What the task requires
Print exactly the lines below between the line containing "Madia a 3 ante" and the line containing "圖6為不同工況下空腔深度h隨", counting both of those lines. Leave pictures out.

Records supplied

/---

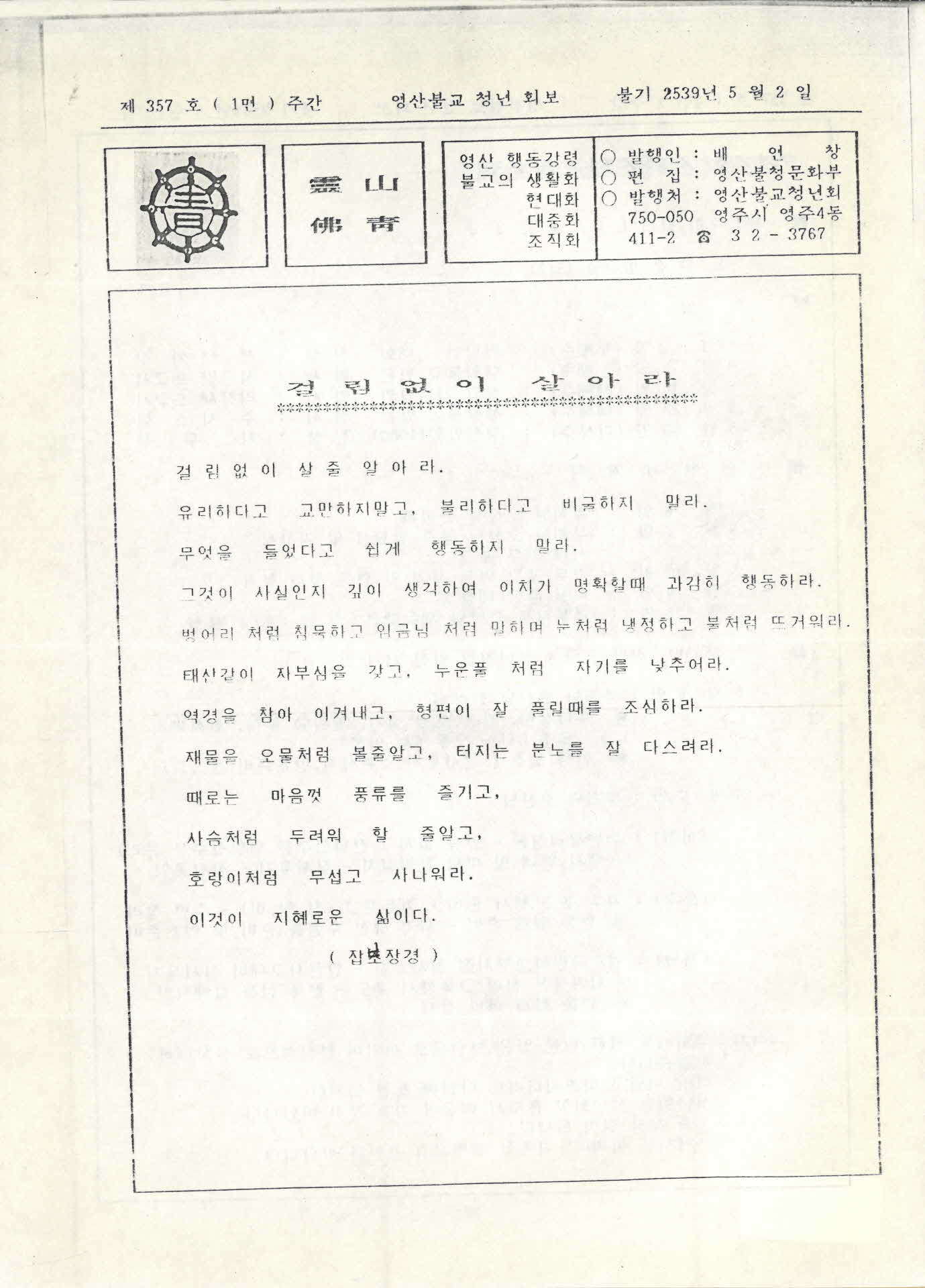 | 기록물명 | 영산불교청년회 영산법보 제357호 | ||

\---
/---

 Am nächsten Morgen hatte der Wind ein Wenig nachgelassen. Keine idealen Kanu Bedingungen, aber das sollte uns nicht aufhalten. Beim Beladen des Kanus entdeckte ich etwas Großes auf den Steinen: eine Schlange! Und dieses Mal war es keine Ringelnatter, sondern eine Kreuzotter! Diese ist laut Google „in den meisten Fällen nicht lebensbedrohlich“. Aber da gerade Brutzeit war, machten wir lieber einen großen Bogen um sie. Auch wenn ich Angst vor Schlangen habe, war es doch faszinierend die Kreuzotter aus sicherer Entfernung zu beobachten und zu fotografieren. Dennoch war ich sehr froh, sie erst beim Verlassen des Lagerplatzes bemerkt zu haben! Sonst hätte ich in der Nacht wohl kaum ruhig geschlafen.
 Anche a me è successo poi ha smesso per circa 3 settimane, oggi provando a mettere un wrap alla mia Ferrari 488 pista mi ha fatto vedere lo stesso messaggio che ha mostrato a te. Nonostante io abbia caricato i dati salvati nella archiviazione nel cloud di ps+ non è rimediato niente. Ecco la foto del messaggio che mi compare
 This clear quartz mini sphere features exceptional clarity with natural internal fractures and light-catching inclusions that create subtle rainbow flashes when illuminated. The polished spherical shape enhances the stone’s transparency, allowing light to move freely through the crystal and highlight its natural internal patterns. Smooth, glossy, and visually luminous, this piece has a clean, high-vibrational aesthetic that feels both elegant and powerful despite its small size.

\---
/---

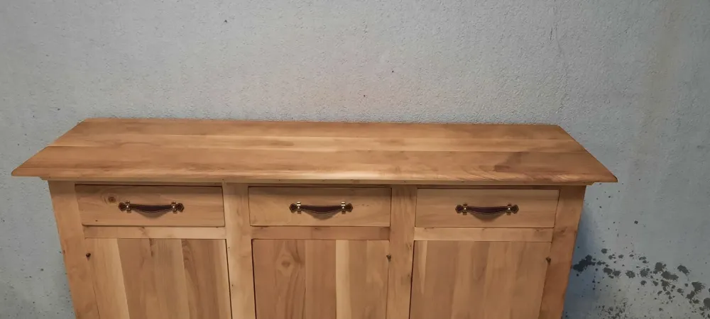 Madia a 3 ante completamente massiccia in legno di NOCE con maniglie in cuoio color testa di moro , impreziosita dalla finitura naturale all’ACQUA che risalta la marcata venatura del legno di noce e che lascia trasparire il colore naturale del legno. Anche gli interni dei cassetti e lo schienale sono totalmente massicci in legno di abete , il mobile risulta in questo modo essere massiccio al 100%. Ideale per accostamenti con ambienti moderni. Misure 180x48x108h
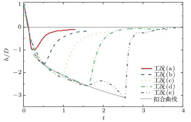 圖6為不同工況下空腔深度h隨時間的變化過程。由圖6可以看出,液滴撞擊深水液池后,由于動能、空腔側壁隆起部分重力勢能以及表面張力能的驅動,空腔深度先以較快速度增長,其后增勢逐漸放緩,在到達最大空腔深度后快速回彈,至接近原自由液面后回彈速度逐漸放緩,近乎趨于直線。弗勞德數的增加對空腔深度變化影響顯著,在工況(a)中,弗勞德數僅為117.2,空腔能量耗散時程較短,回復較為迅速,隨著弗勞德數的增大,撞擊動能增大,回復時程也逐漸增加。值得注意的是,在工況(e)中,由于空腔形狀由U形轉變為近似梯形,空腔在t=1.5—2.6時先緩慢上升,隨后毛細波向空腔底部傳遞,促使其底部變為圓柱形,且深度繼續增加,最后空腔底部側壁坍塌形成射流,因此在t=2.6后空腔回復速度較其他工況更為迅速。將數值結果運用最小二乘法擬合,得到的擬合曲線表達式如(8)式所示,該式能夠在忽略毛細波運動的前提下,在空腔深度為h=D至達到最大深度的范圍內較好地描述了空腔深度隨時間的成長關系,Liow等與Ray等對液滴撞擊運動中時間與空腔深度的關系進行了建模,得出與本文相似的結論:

\---

Task solution
 Madia a 3 ante completamente massiccia in legno di NOCE con maniglie in cuoio color testa di moro , impreziosita dalla finitura naturale all’ACQUA che risalta la marcata venatura del legno di noce e che lascia trasparire il colore naturale del legno. Anche gli interni dei cassetti e lo schienale sono totalmente massicci in legno di abete , il mobile risulta in questo modo essere massiccio al 100%. Ideale per accostamenti con ambienti moderni. Misure 180x48x108h
 圖6為不同工況下空腔深度h隨時間的變化過程。由圖6可以看出,液滴撞擊深水液池后,由于動能、空腔側壁隆起部分重力勢能以及表面張力能的驅動,空腔深度先以較快速度增長,其后增勢逐漸放緩,在到達最大空腔深度后快速回彈,至接近原自由液面后回彈速度逐漸放緩,近乎趨于直線。弗勞德數的增加對空腔深度變化影響顯著,在工況(a)中,弗勞德數僅為117.2,空腔能量耗散時程較短,回復較為迅速,隨著弗勞德數的增大,撞擊動能增大,回復時程也逐漸增加。值得注意的是,在工況(e)中,由于空腔形狀由U形轉變為近似梯形,空腔在t=1.5—2.6時先緩慢上升,隨后毛細波向空腔底部傳遞,促使其底部變為圓柱形,且深度繼續增加,最后空腔底部側壁坍塌形成射流,因此在t=2.6后空腔回復速度較其他工況更為迅速。將數值結果運用最小二乘法擬合,得到的擬合曲線表達式如(8)式所示,該式能夠在忽略毛細波運動的前提下,在空腔深度為h=D至達到最大深度的范圍內較好地描述了空腔深度隨時間的成長關系,Liow等與Ray等對液滴撞擊運動中時間與空腔深度的關系進行了建模,得出與本文相似的結論:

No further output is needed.